Entries taken from a collection:
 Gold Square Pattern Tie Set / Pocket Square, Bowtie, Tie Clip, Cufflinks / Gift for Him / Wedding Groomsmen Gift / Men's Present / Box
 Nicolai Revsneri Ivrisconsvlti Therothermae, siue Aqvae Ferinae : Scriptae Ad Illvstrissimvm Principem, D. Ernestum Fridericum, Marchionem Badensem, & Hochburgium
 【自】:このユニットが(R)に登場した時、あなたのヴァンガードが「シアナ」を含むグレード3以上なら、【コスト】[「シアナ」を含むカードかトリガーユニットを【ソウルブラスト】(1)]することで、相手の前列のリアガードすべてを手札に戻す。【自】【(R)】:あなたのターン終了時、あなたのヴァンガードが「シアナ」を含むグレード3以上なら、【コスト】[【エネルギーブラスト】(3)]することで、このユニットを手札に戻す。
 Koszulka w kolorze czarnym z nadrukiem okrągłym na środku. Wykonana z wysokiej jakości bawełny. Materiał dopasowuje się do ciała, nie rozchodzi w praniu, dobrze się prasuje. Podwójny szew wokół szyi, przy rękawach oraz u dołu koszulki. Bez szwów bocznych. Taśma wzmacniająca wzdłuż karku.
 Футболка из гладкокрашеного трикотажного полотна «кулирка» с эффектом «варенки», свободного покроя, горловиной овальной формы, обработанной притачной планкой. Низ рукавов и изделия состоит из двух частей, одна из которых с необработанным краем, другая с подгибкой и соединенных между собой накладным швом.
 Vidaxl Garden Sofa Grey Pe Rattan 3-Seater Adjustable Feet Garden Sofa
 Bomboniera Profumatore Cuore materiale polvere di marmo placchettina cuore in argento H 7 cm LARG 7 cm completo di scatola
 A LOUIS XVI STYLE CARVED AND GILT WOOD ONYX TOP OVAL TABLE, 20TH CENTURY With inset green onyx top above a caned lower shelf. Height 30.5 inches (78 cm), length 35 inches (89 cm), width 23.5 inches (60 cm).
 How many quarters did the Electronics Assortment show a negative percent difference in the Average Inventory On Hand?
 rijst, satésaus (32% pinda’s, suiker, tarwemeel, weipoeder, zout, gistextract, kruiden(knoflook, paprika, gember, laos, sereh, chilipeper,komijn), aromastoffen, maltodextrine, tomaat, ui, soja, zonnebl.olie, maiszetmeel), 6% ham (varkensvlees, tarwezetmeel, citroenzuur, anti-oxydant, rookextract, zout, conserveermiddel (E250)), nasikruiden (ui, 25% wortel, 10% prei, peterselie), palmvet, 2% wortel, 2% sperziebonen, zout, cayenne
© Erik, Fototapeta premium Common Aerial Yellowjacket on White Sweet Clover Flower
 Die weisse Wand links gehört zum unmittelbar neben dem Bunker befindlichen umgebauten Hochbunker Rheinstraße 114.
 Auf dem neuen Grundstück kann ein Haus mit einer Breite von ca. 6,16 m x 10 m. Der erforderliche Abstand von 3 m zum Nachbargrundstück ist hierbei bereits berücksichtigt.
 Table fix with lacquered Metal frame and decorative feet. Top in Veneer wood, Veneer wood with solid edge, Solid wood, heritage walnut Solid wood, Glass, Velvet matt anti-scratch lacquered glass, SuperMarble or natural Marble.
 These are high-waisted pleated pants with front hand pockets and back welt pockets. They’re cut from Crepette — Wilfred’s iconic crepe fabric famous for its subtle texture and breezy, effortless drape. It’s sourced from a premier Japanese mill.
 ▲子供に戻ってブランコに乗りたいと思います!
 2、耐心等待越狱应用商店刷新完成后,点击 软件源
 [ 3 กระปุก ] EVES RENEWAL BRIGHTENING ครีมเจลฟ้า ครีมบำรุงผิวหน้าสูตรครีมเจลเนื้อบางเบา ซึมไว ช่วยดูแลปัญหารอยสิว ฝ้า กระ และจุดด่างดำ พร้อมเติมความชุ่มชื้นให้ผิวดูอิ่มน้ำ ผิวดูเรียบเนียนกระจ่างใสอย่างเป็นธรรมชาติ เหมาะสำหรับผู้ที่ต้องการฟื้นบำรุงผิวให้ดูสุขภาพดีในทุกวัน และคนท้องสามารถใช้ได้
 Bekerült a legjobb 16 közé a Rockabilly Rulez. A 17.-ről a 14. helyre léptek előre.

ABOUT THIS EXERCISE:
Among the records above, only the lines between the line holding "Die weisse Wand" and the line holding "Auf dem neuen", inclusive, are to be output, exactly as written.

TASK SOLUTION:
 Die weisse Wand links gehört zum unmittelbar neben dem Bunker befindlichen umgebauten Hochbunker Rheinstraße 114.
 Auf dem neuen Grundstück kann ein Haus mit einer Breite von ca. 6,16 m x 10 m. Der erforderliche Abstand von 3 m zum Nachbargrundstück ist hierbei bereits berücksichtigt.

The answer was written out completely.